• About this task:
In the entries below, find the line with "يتضمن على /" and the line with "18K Gold Filled Multicolored CZ Huggies (L73)". Reproduce those two lines and every line between them exactly, and nothing more.
Top of Listed records
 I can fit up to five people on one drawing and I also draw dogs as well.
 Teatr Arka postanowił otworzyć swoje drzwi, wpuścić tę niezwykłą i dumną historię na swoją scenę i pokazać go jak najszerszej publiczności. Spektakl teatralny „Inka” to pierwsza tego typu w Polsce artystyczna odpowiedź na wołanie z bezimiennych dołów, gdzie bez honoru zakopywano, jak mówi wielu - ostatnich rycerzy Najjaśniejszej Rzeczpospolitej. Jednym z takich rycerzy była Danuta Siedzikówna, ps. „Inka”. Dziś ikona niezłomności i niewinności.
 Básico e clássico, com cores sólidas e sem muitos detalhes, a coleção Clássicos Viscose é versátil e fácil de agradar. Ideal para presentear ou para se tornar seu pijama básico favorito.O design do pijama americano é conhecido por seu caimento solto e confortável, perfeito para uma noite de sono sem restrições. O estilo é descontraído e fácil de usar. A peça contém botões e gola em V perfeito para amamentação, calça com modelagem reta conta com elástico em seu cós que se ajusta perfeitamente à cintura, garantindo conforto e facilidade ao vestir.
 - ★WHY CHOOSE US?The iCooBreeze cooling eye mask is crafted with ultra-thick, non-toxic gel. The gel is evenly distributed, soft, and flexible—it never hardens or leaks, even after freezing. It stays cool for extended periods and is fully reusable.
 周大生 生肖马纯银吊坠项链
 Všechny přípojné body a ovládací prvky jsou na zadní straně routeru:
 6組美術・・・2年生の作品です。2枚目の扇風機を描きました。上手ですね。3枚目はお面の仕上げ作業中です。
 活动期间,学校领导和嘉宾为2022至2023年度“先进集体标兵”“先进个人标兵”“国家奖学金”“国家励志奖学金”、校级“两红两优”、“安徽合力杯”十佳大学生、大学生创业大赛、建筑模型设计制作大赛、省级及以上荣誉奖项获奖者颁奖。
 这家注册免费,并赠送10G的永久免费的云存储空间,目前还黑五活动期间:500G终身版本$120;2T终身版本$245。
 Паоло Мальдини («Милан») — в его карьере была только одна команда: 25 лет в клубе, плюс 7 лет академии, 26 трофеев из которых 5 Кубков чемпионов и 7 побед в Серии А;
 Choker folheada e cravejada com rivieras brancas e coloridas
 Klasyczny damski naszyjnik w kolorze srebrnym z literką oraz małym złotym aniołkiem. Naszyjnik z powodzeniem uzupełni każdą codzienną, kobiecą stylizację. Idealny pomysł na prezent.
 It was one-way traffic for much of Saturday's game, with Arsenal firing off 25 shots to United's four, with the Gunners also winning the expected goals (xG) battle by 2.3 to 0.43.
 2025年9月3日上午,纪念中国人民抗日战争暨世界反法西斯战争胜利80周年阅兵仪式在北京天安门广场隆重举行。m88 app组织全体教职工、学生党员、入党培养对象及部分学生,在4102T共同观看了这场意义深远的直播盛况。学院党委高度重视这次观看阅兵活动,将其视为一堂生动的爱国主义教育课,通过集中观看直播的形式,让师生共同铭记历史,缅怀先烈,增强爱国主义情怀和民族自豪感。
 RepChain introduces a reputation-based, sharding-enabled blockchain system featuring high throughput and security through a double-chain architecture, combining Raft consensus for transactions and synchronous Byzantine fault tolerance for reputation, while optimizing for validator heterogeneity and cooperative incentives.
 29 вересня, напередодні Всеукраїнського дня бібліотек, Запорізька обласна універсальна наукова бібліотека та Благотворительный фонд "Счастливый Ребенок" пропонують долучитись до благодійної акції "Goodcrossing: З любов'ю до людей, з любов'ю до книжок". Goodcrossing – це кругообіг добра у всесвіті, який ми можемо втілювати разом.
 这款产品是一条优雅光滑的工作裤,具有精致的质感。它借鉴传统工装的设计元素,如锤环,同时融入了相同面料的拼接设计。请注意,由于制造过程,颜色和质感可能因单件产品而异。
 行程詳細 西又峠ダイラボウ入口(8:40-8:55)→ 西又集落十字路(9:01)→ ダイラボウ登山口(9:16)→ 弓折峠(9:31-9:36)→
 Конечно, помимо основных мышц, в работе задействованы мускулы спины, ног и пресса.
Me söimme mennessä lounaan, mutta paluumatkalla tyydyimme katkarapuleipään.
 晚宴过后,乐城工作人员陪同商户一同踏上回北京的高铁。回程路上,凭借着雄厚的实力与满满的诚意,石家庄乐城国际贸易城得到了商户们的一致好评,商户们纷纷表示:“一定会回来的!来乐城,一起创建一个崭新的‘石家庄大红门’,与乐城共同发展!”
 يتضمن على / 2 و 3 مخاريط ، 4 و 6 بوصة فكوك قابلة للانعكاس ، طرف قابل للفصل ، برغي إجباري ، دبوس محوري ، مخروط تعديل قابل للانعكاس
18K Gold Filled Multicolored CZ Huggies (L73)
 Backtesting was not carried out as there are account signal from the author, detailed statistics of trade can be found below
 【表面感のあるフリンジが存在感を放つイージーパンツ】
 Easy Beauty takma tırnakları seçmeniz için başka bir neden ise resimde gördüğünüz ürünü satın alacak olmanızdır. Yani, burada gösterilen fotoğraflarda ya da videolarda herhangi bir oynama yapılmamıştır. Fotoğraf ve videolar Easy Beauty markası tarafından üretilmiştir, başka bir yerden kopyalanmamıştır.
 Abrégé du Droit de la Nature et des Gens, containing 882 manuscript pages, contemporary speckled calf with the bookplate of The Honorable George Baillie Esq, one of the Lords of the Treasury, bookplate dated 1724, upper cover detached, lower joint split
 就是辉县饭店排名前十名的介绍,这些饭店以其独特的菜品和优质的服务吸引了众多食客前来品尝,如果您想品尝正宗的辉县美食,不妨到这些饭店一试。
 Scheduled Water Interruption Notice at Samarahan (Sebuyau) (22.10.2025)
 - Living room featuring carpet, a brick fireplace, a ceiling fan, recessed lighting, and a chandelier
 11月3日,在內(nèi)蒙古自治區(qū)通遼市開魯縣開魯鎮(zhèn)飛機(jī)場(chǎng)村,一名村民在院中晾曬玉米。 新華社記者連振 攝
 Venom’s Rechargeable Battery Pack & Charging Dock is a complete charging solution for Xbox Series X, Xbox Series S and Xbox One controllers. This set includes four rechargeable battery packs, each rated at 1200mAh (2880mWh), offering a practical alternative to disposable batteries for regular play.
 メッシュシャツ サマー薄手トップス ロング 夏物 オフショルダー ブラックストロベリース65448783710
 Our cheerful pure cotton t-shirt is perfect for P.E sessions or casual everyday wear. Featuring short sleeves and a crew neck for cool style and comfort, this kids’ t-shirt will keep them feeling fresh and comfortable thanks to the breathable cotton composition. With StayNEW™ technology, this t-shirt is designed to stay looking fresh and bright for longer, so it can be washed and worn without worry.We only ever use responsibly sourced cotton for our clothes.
Bottom of Listed records
• Answer for the task:
 يتضمن على / 2 و 3 مخاريط ، 4 و 6 بوصة فكوك قابلة للانعكاس ، طرف قابل للفصل ، برغي إجباري ، دبوس محوري ، مخروط تعديل قابل للانعكاس
18K Gold Filled Multicolored CZ Huggies (L73)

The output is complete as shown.